# [Instructions for the task]
Pictures stay out of this copy, which runs from the first line of the material through the line containing "虫歯が象牙質まで進行すると、".
□ □ □
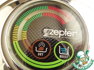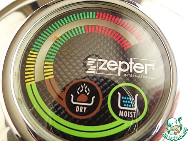 Сотейник закрываю крышкой и кладу на холодную плиту, включаю на самый маленький огонь (у моей электроплиты на переключателе 4 деления, поэтому я включаю на единицу). Даю стрелке термоконтроллера дойти до середины зеленого поля, затем отключаю плиту.
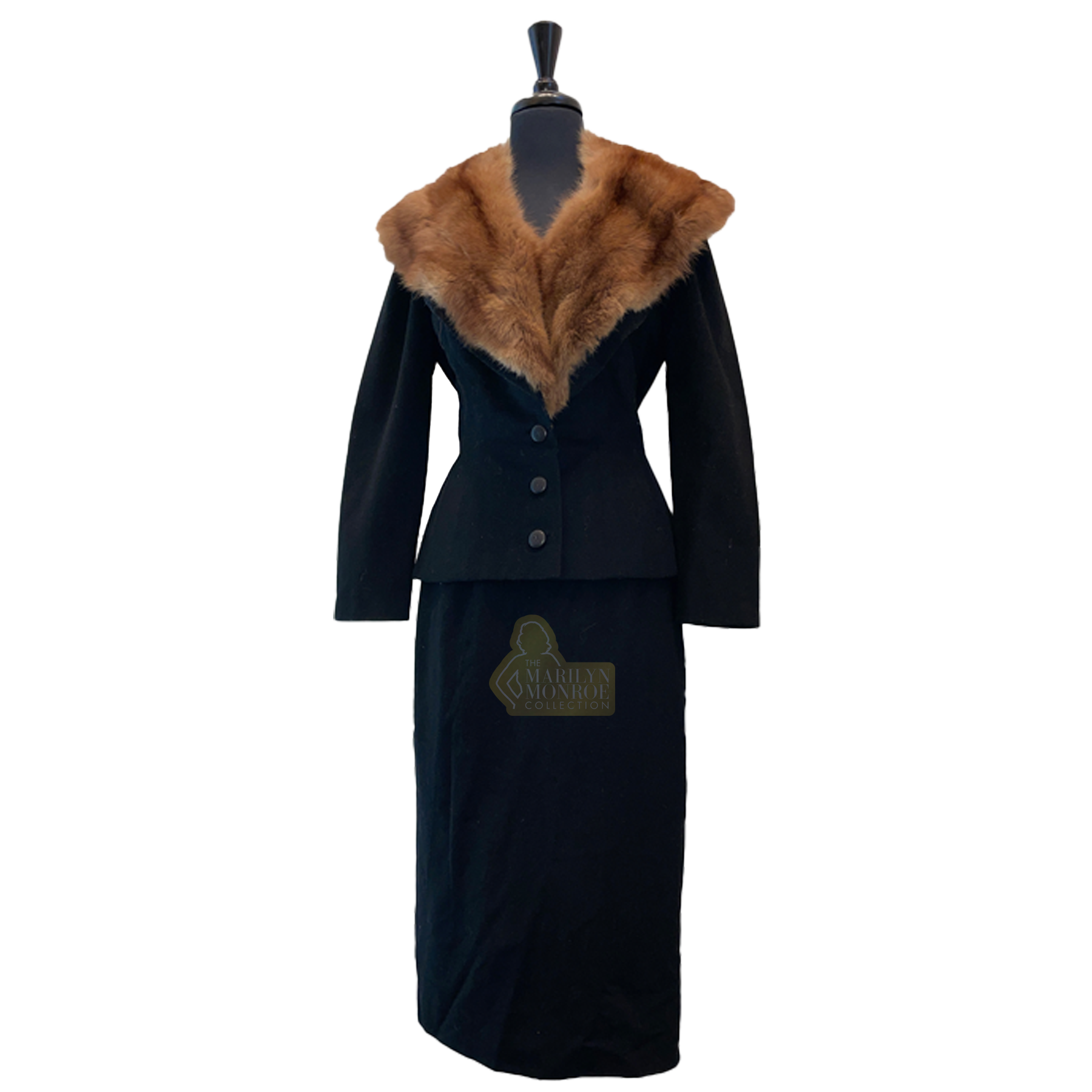 From the personal wardrobe of Marilyn Monroe, this black wool suit consists of a tailored jacket, matching skirt, and detachable mink fur collar. George Nardiello designed it in the mid 1950s, when he was working closely with Marilyn.
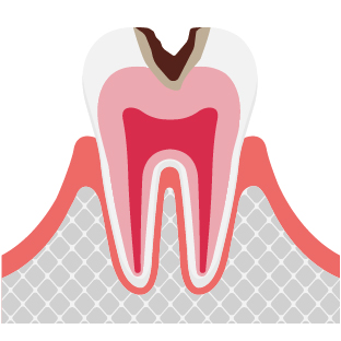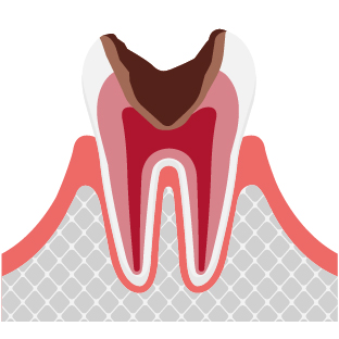 虫歯が象牙質まで進行すると、冷たいものがしみたり痛みを感じることがあります。治療は虫歯部分を削り、インレー(詰め物)で補います。広範囲の場合はクラウン(被せもの)が必要で、治療には複数回の通院が伴います。C2の虫歯は早期治療が重要です。
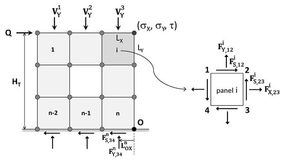 In the first stage of limit analysis, the masonry wall under concern is divided into macro-panels, as shown in Figure 3. The corners of each rectangular panel are assumed to carry three in-plane stress components (two normal, one shear), which is consistent with the state of stress of that panel, as illustrated in Figure 8. In the figure, Q denotes the unknown ultimate lateral force, and stands for the known vertical load acting on the uppermost layer of panels, respectively. The nodal stresses are the unknowns in this lower-bound limit analysis problem, and they should be obtained through equilibrium conditions, as explained in the next sub-section.
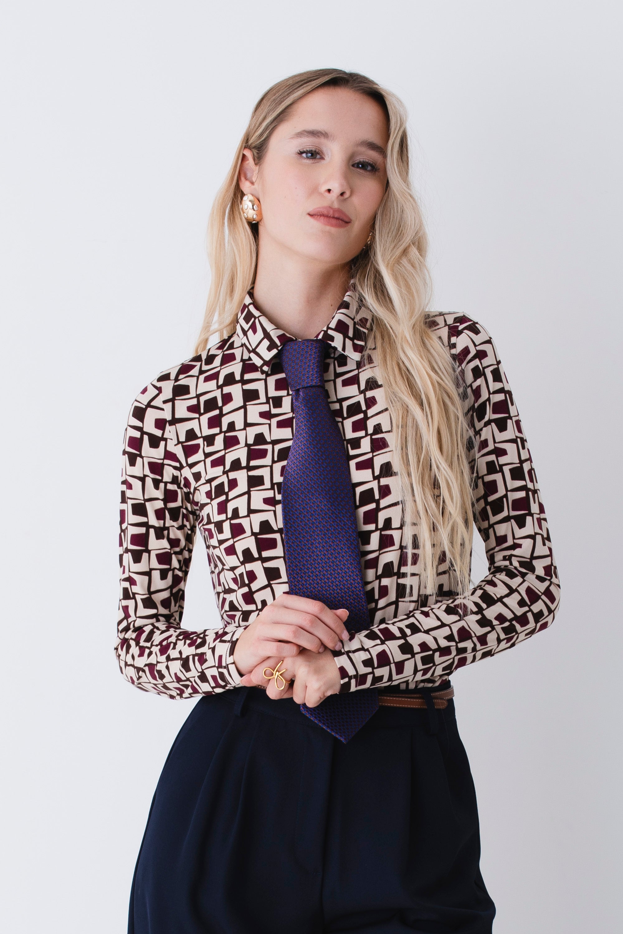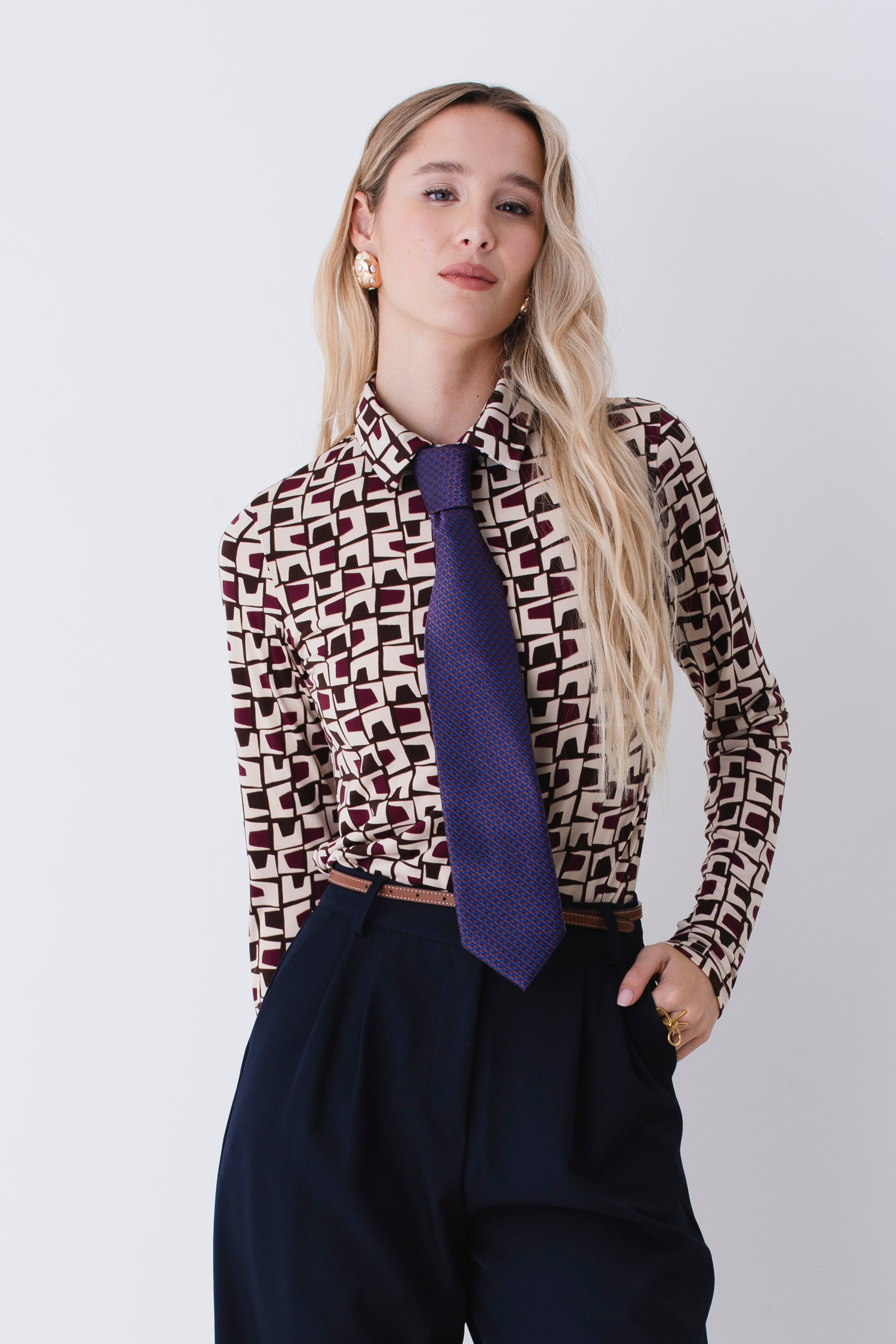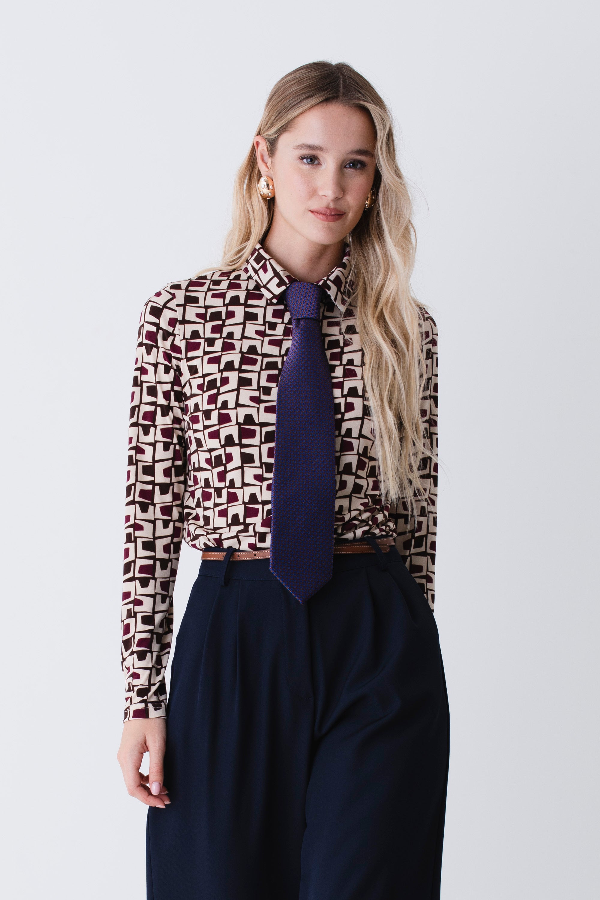 Camicia in raso fantasia geometrica - FW26
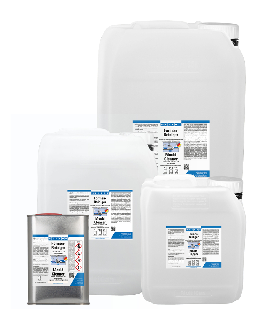 WEICON Kalıp Temizleyici yüksek aktif organik solvent bazlı özel temizleyicidir. Balmumu, silikon, yağ, sertleşmemiş PUR artıklar ve plastik, çelik veya alüminyum kalıplarından Diğerleri artıkları etkili bir şekilde temizler.
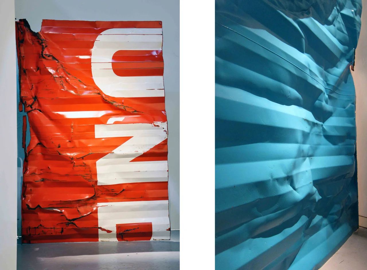 “Logistics from Sea to Land (For Giang and Nam)” Section of a salvaged steel, oil paint from Giang's studio. 2011. Dimensions: 7 feet x 4 feet.
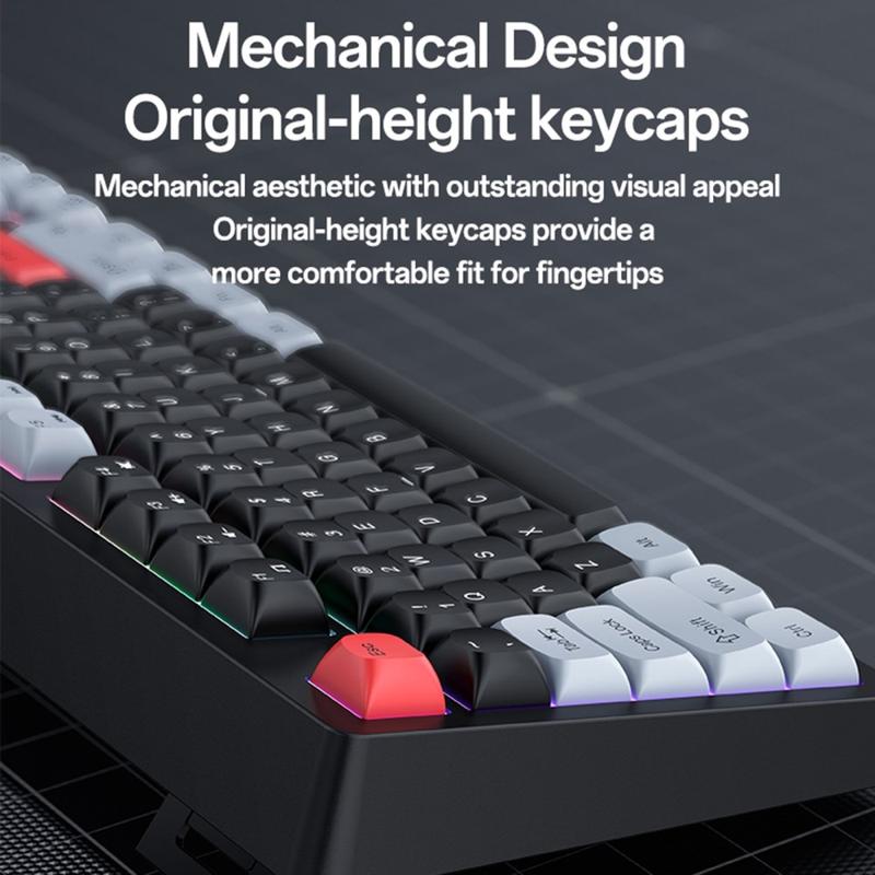 - Teclas Gradientes Tri-Coloridas - Design elegante com entalhes laterais disponível em perfis planos ou esféricos, oferecendo uma aparência moderna e premium.
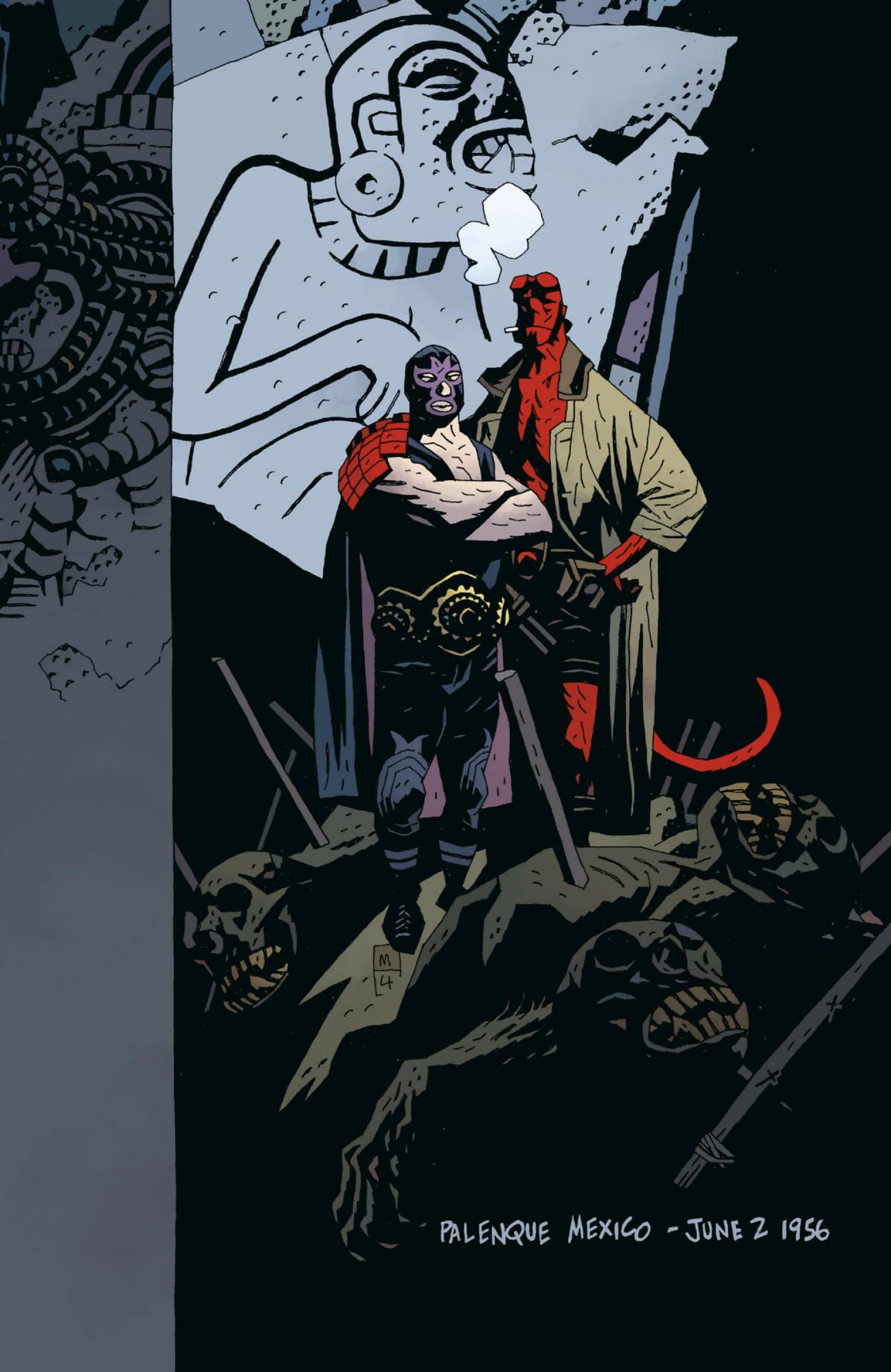 Avant de mourir et d’atterrir au fin fond des Enfers, Hellboy a beaucoup voyagé, en tant que membre du B.P.R.D. ou en solo. En 1956, il enquête au Mexique sur une série de meurtres... et disparaît pendant cinq mois. Il déclara ensuite ne se souvenir de rien. Pourtant, des luchadores chasseurs de vampires, une momie aztèque, des sorcières et des fantômes... et le monstre de Frankenstein croisèrent sa route.
□ □ □
# [Exercise answer]
 Сотейник закрываю крышкой и кладу на холодную плиту, включаю на самый маленький огонь (у моей электроплиты на переключателе 4 деления, поэтому я включаю на единицу). Даю стрелке термоконтроллера дойти до середины зеленого поля, затем отключаю плиту.
 From the personal wardrobe of Marilyn Monroe, this black wool suit consists of a tailored jacket, matching skirt, and detachable mink fur collar. George Nardiello designed it in the mid 1950s, when he was working closely with Marilyn.
 虫歯が象牙質まで進行すると、冷たいものがしみたり痛みを感じることがあります。治療は虫歯部分を削り、インレー(詰め物)で補います。広範囲の場合はクラウン(被せもの)が必要で、治療には複数回の通院が伴います。C2の虫歯は早期治療が重要です。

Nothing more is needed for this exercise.